The three operational signals (traces, stall detectors, cost meters) and the three reliability patterns (jittered backoff, idempotency keys, compensations) form an interlocking set. Traces tell you where retries happened; cost meters tell you how much they cost; idempotency keys make the retries safe to repeat. Skip any one and the others lose their value. A workflow without idempotency keys cannot safely retry; one without traces hides which step is responsible for the cost spike a meter just reported; one without stall detectors retries the wrong thing because it never noticed the silent hang. Build all six together or you have a fragile system that only looks durable.

Exercise 64.3.1: Retry Policy Design Coding

Implement a retry wrapper for LLM API calls that uses jittered exponential backoff. Test it by simulating a provider that returns 429 (rate limit) on the first two attempts and succeeds on the third. Verify that the delays follow the expected backoff pattern and that the total delay stays within bounds.

Answer Sketch

Use the retry_with_budget pattern from Code Fragment 64.3.1b. Create a mock LLM client that raises RateLimitError for the first two calls, then returns a valid response. Assert that the function succeeds on the third attempt, that the delay between attempts roughly doubles (accounting for jitter), and that the total elapsed time is between 2.1s and 4.5s (1s + ~2s with jitter). Also test the budget gate by setting max_cost_usd=0.001 and verifying that retries stop when the budget is exceeded.

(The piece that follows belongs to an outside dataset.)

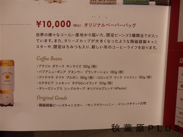 まずはTULLY’S COFFEE 秋葉原UDX店から。ハッピーバッグは恒例となっている3,000円、5,000円、10,000円の3種類(それぞれ税込み)が今年も用意されるようだ。そして福袋の「袋」となっているトートバッグは色を選べるのが特徴だ。年末から予約を受け付けているのだが、残念なことに10,000円の福袋は規定数量に到達したとのことで予約できなくなっていた。

Exercise 64.3.2: Cost-Per-Execution Dashboard Project

Instrument a Temporal workflow with OpenTelemetry to track cost per execution. Export traces and custom metrics (token count, provider cost, retry count) to a Grafana dashboard. Create alerts for executions that exceed 3x the median cost and for workflows that stall for more than 5 minutes without a heartbeat.

Answer Sketch

Use the temporalio.contrib.opentelemetry interceptor to generate spans for each workflow and activity. Add custom span attributes for llm.token_count, llm.cost_usd, and llm.retry_count in each activity. Export to Grafana via the OpenTelemetry Collector. Create a Grafana panel showing cost distribution as a histogram, with a threshold line at 3x median. Use Grafana alerting rules on the temporal_activity_schedule_to_start_latency metric (which indicates task queue backlog) and on missing heartbeats (use a "no data" alert on the heartbeat metric with a 5-minute window).

What's Next

With the operational patterns in hand, Section 64.4 closes the chapter with framework selection guidance: a decision matrix, migration paths between engines, and the workflow-as-code versus DAG-as-config debate that surfaces every time a team picks between Temporal-style and Airflow-style tooling.

Further Reading
Garcia-Molina, H., and K. Salem (1987). "Sagas." ACM SIGMOD Record 16, no. 3: 249-259. The foundational paper that introduced the saga pattern for long-running transactions with compensating actions, the academic ancestor of the compensation logic in this section.
Nygard, M. (2018). Release It! Design and Deploy Production-Ready Software. 2nd ed. Pragmatic Bookshelf. The canonical reference for production-system failure patterns (circuit breakers, bulkheads, timeouts) that the retry and stall-detection strategies in this section build on.
Stripe (2024). "Idempotent Requests." Stripe API Documentation. The industry-canonical implementation of the idempotency-key pattern, including header naming, cache duration, and conflict semantics.